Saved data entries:
= Beginning of Section =

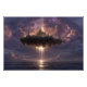 An immense floating island crowned by a grand, spired castle city gleams amid turbulent purple-orange clouds, with powerful golden light beams pouring downward to touch a serene ocean surface. Stars scatter across the night sky while a low sunset horizon warms the edges in peach and rose, creating layers of depth, mystery, and radiant energy. The composition evokes mythic grandeur, cosmic power, ancient legends reborn, sublime wonder, and the thrill of impossible realms—perfect for fantasy bedrooms, gaming rooms, meditation spaces, home offices, modern minimalist walls, or as awe-inspiring gifts for dreamers, fantasy enthusiasts, spiritual seekers, or anyone drawn to epic scale, surreal beauty, and transformative imagination.
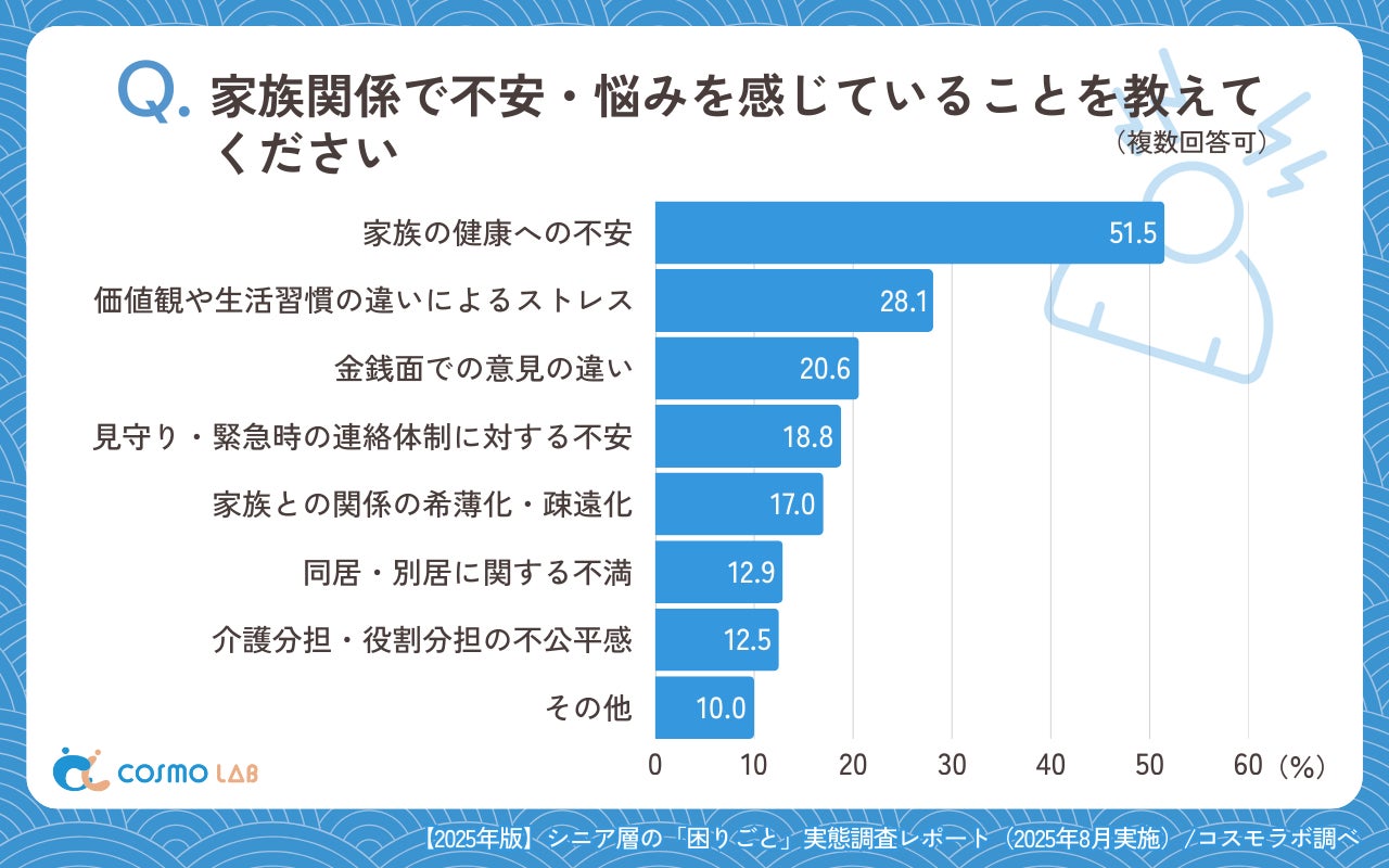 「家族の健康への不安」(51.5%)が最多で、「価値観や生活習慣の違いによるストレス」(28.1%)、「金銭面での意見の違い」(20.6%)が続きます。家族の健康を心配する気持ちが過半数に達している結果は、シニア世代が自分自身の健康だけでなく、配偶者や親、時には子どもの健康状態にも深い関心と不安を抱いていることを示しています。
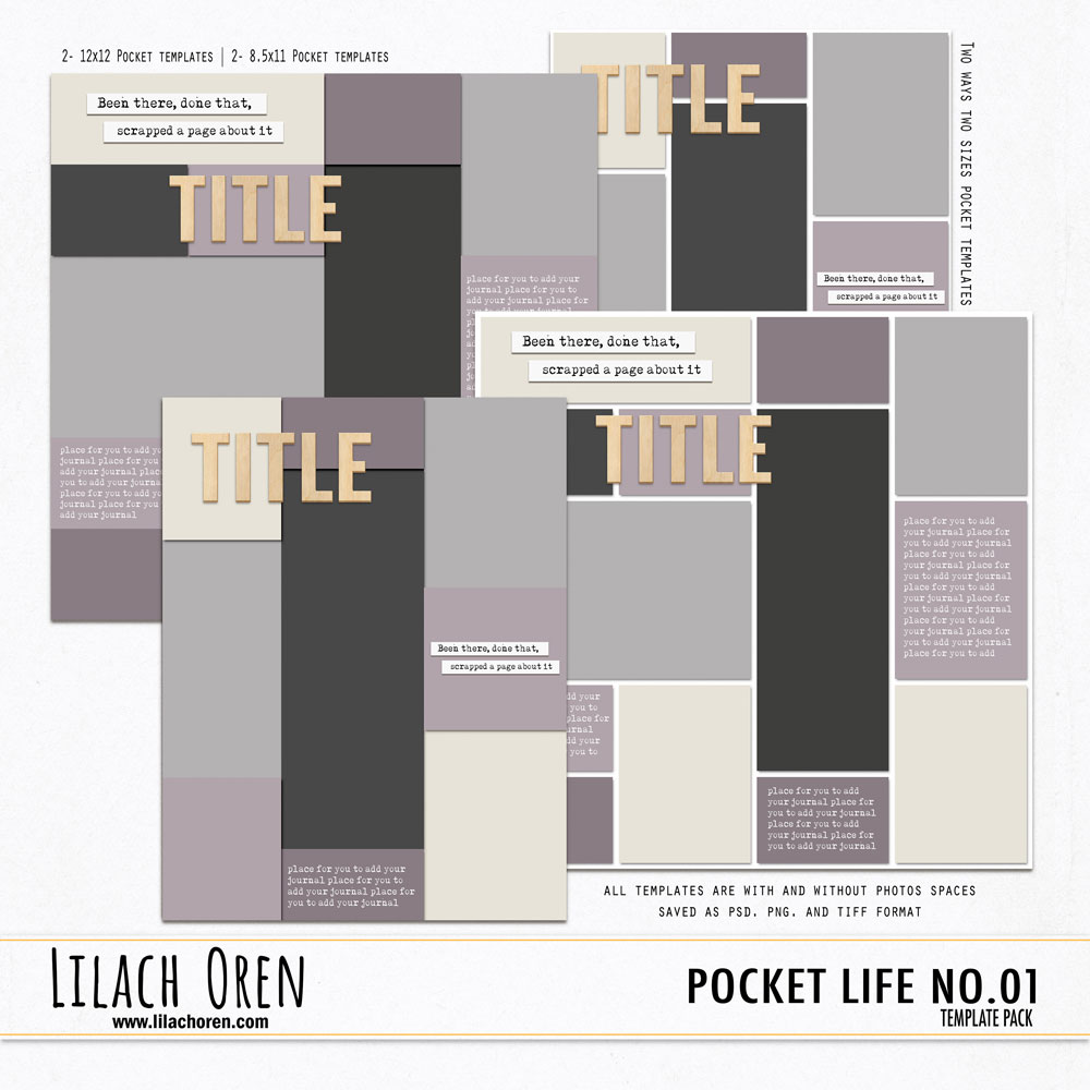 Pocket Life Templates 01 is a Digital Scrapbook Pack by Lilach Oren. It includes a variety of papers to create quick and easy-themed scrapbook pages, digital art, and printable art projects.
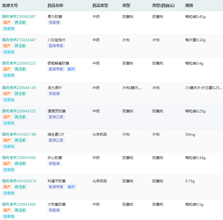 石家庄东方药业药品生产批文查询(部分展示)
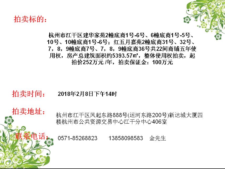 建華家苑、紅五月嘉苑共22間商鋪五年使用權(quán)拍賣(mài)
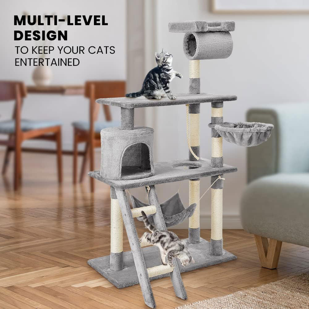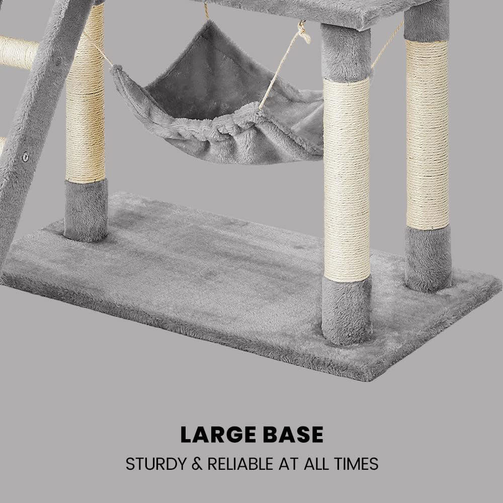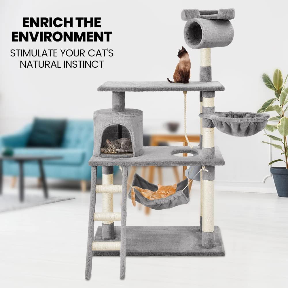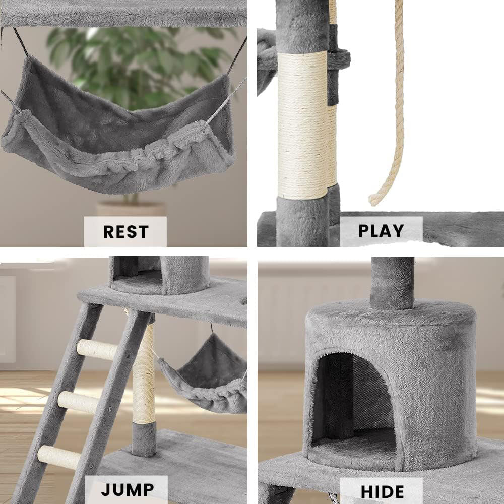 It is absolutely feline wonderland with our cat tree! Built to satisfy the natural instincts of your precious pet, our Cat Tree include a hosts of nooks and crannies for Tom and Tabby to have hours of fun scratching, hunting, climbing, jumping, hopping or simply lounging around. Plus, with its sisal-covered scratching posts, you can rest assured that your furniture will stay cat-free for a very long time. Not least, the tree is upholstered with a plush velvety surface for extra comfort and style. Best of all, the firm base and sturdy construction ensures that the tree remain a durable cat haven with total peace of mind for you. Can we hear a meow to that?
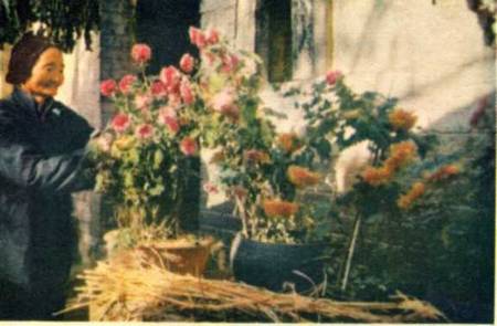 现在有很多社员喜欢养花,这个施老太太用草把花茎包起来,保护他们过冬。
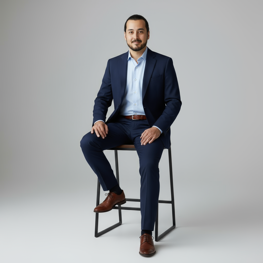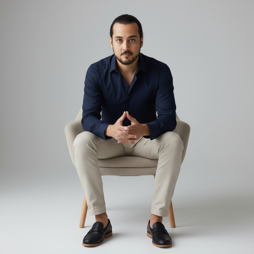 Studioporträt eines selbstbewussten Mannes, der auf einem modernen beigen Sessel mit Holzbeinen sitzt, leicht nach vorne gebeugt und die Hände gefaltet. Er trägt ein dunkelblaues Hemd mit offenen Knöpfen, hellbeige Slim-Fit-Hosen und schwarze Slipper mit hellbraunen Sohlen. Er hat kurzes, dunkelbraunes, strukturiertes Haar, einen gestutzten Vollbart, gebräunte Haut und einen intensiven, selbstbewussten Blick in die Kamera. Der Hintergrund ist minimalistisch hellgrau mit sanftem Farbverlauf und gleichmäßig mit sanftem, natürlichem Studiolicht ausgeleuchtet. Die Stimmung ist filmisch und moderedaktionell, mit hohem Realismus und feinen Details. Aufgenommen mit einem 50-mm-Objektiv bei f/2.8, vertikaler Rahmen, Ganzkörperkomposition.
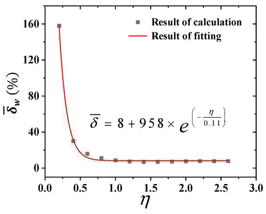 In numerical simulation, the Gaussian pulse thermal shock , . q0 is the peak power density, 1 W/cm2. ZAB is the distance between points #A and #B. ZBC is the distance between points #B and #C. Figure 8 presents the inversion temperature responses at point #A for differently adopted window sizes, . The sampling frequency fs is 100 Hz. When the window size coefficient η is less than 0.4, it is completely impossible to calculate the temperature at point #A through the inversion method, and the inversion results have no correlation with the actual results. In this case, the duration of the measurement is very short, much shorter than the thermal hysteresis time. The thermocouple (point #B) closest to the heat source cannot effectively detect the changes in the external thermal load. The thermocouples (points #C and #D) far from the heat source are even less capable of obtaining valid information. Therefore, it is difficult to invert the external temperature from the internal temperature data. When η is greater than 0.6, the inversion results closely approximate the actual results. Figure 9 shows the relationship between the mean relative error of the inversion results and η. When η = 0.2, is close to 160%. When η = 0.4, quickly drops to 30%, and when η = 1, gradually stabilizes to about 8%. decreases exponentially with the increase in η. The fitted exponential function is .

= End of Section =

## [Exercise]
Leaving the pictures behind, return every line above exactly.

## [Exercise solution]
 An immense floating island crowned by a grand, spired castle city gleams amid turbulent purple-orange clouds, with powerful golden light beams pouring downward to touch a serene ocean surface. Stars scatter across the night sky while a low sunset horizon warms the edges in peach and rose, creating layers of depth, mystery, and radiant energy. The composition evokes mythic grandeur, cosmic power, ancient legends reborn, sublime wonder, and the thrill of impossible realms—perfect for fantasy bedrooms, gaming rooms, meditation spaces, home offices, modern minimalist walls, or as awe-inspiring gifts for dreamers, fantasy enthusiasts, spiritual seekers, or anyone drawn to epic scale, surreal beauty, and transformative imagination.
 「家族の健康への不安」(51.5%)が最多で、「価値観や生活習慣の違いによるストレス」(28.1%)、「金銭面での意見の違い」(20.6%)が続きます。家族の健康を心配する気持ちが過半数に達している結果は、シニア世代が自分自身の健康だけでなく、配偶者や親、時には子どもの健康状態にも深い関心と不安を抱いていることを示しています。
 Pocket Life Templates 01 is a Digital Scrapbook Pack by Lilach Oren. It includes a variety of papers to create quick and easy-themed scrapbook pages, digital art, and printable art projects.
 石家庄东方药业药品生产批文查询(部分展示)
 建華家苑、紅五月嘉苑共22間商鋪五年使用權(quán)拍賣(mài)
 It is absolutely feline wonderland with our cat tree! Built to satisfy the natural instincts of your precious pet, our Cat Tree include a hosts of nooks and crannies for Tom and Tabby to have hours of fun scratching, hunting, climbing, jumping, hopping or simply lounging around. Plus, with its sisal-covered scratching posts, you can rest assured that your furniture will stay cat-free for a very long time. Not least, the tree is upholstered with a plush velvety surface for extra comfort and style. Best of all, the firm base and sturdy construction ensures that the tree remain a durable cat haven with total peace of mind for you. Can we hear a meow to that?
 现在有很多社员喜欢养花,这个施老太太用草把花茎包起来,保护他们过冬。
 Studioporträt eines selbstbewussten Mannes, der auf einem modernen beigen Sessel mit Holzbeinen sitzt, leicht nach vorne gebeugt und die Hände gefaltet. Er trägt ein dunkelblaues Hemd mit offenen Knöpfen, hellbeige Slim-Fit-Hosen und schwarze Slipper mit hellbraunen Sohlen. Er hat kurzes, dunkelbraunes, strukturiertes Haar, einen gestutzten Vollbart, gebräunte Haut und einen intensiven, selbstbewussten Blick in die Kamera. Der Hintergrund ist minimalistisch hellgrau mit sanftem Farbverlauf und gleichmäßig mit sanftem, natürlichem Studiolicht ausgeleuchtet. Die Stimmung ist filmisch und moderedaktionell, mit hohem Realismus und feinen Details. Aufgenommen mit einem 50-mm-Objektiv bei f/2.8, vertikaler Rahmen, Ganzkörperkomposition.
 In numerical simulation, the Gaussian pulse thermal shock , . q0 is the peak power density, 1 W/cm2. ZAB is the distance between points #A and #B. ZBC is the distance between points #B and #C. Figure 8 presents the inversion temperature responses at point #A for differently adopted window sizes, . The sampling frequency fs is 100 Hz. When the window size coefficient η is less than 0.4, it is completely impossible to calculate the temperature at point #A through the inversion method, and the inversion results have no correlation with the actual results. In this case, the duration of the measurement is very short, much shorter than the thermal hysteresis time. The thermocouple (point #B) closest to the heat source cannot effectively detect the changes in the external thermal load. The thermocouples (points #C and #D) far from the heat source are even less capable of obtaining valid information. Therefore, it is difficult to invert the external temperature from the internal temperature data. When η is greater than 0.6, the inversion results closely approximate the actual results. Figure 9 shows the relationship between the mean relative error of the inversion results and η. When η = 0.2, is close to 160%. When η = 0.4, quickly drops to 30%, and when η = 1, gradually stabilizes to about 8%. decreases exponentially with the increase in η. The fitted exponential function is .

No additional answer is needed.